Our logo is two trees, intertwined with connections between them. Isolde drew inspiration from both Celtic imageries, and pictures of twin placentas to bring this image to life. The twin trees symbolize wisdom and strength, and the connections between the trees remind us of the bonds our rare disease has created between research and patients. Using the symbolism of the tree of life embraces that our rare disease crosses cultures, countries, and religions, and connects those who are diagnosed, and those who diagnose TAPS worldwide.
Why Pink And White?
We first utilized pink in our TAPS day campaign last year – a bold choice. As an organization, we feel that it is important that it isn’t seen that we “own” this day or this disease, but rather that we are here to support and recognize the research that is done, and work with the families that are diagnosed with it.
To us, raising awareness of TAPS is the ultimate goal here, and we will work with organizations worldwide to do so. International TAPS day is about raising awareness of TAPS – not about us.
In 2020, I put out a call to my network to find a local designer who could take an idea out of my head and play with it. A friend, Petra (who was a strong supporter of our foundation and has sadly lost her battle with cancer last year), connected me to Isolde.
Without knowing her story, or much about her, I met her to discuss my idea, and we instantly formed a bond. She took the idea from my head, and created the image we see above.
Isolde is no stranger to the complications of multiple pregnancy, and sadly, is a twin loss parent. Her passion and strength and personal experience is forged into the soul of this image, and has created a beautiful, special and meaningful design for all families worldwide.

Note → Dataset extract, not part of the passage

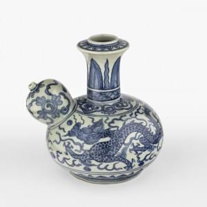 Porcelaine émaillée bleu blanc à décor d'un dragon et d'un phéni...
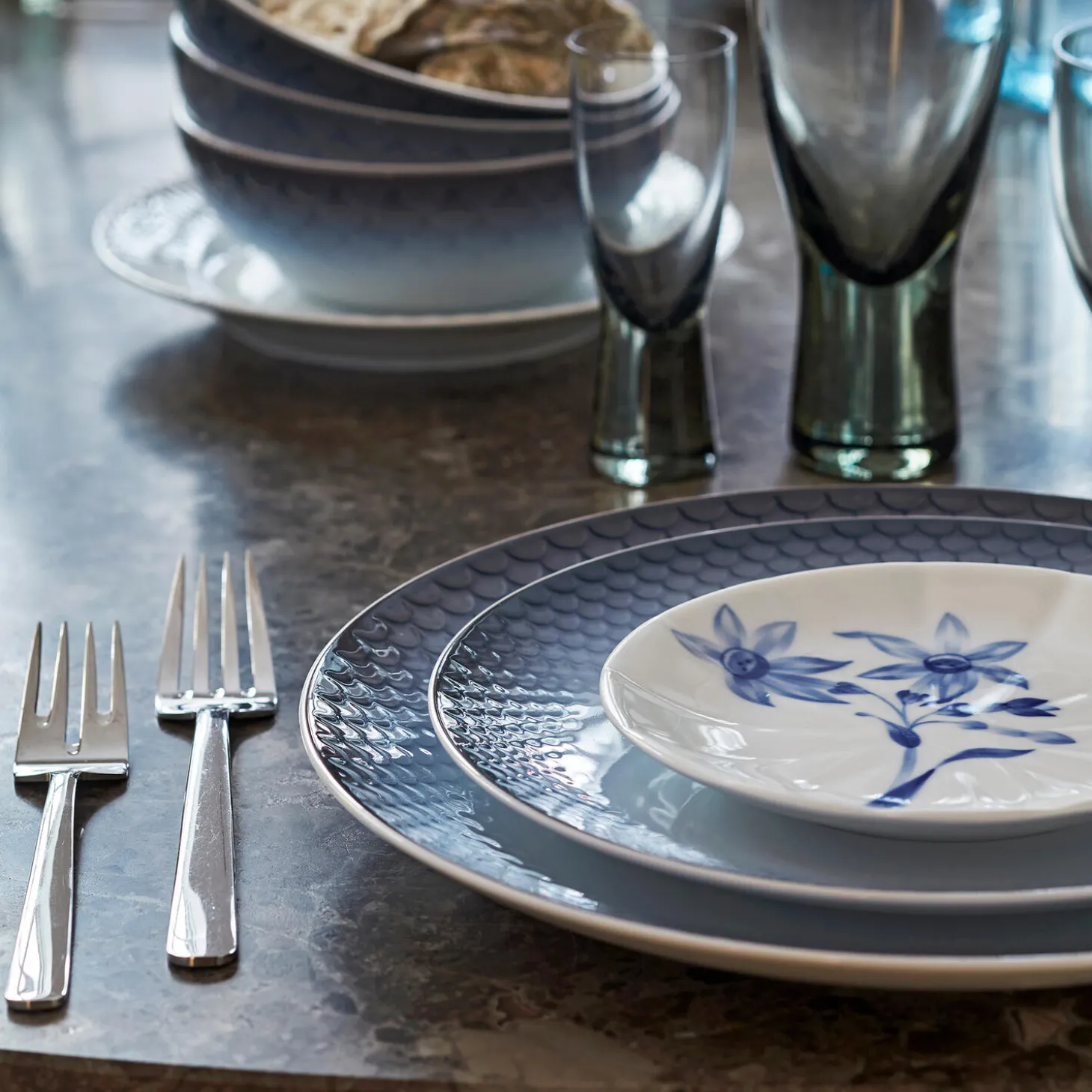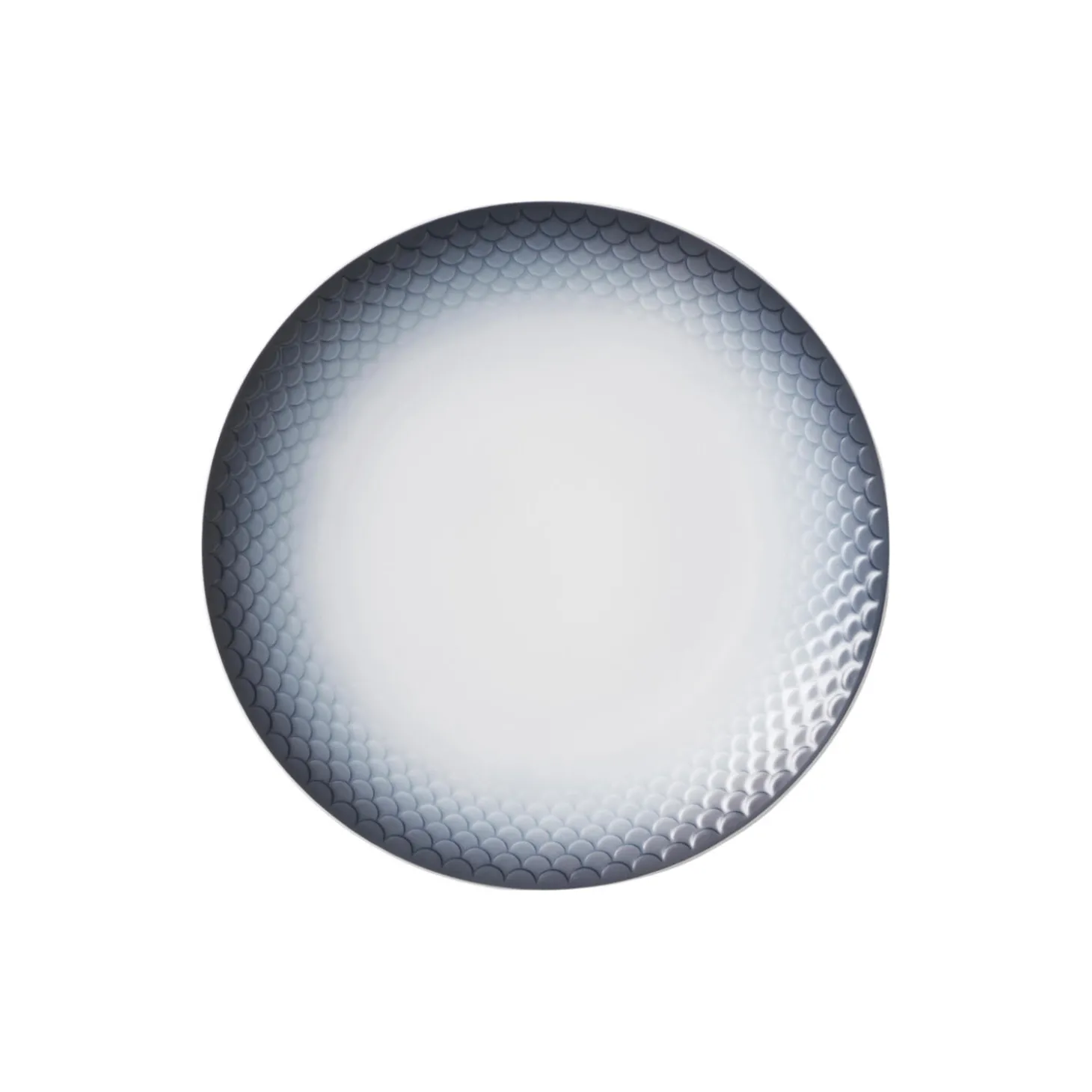 HAV tallerken i sprøjtemalet porcelæn fra Royal Copenhagen. Kanten på HAV Tallerken på 22 cm er omkranset af en sofistikeret dekoration, som er sprøjtemalet på i et drømmende spil af de grøngrå toner af havets dis. Farverne flyder over subtile fiskeskæl og indrammer på smukkeste vis den serverede mad, og skaber en organisk, levende taktilitet til ethvert måltid. Den særlige dybde i kanten på hvert fiskeskæl understreger tallerkenens funktionalitet og skønhed.

This image means more to me than ever, because of the incredible connections of a friend, and the depth of the meaning to all that have been involved in this project. This piece resonates with me on a personal level just because of the strength, determination, and inspiration that have been part of this whole piece.
There are deep connections here, and it is just the beginning of a larger picture, and even more ways to connect with TAPS.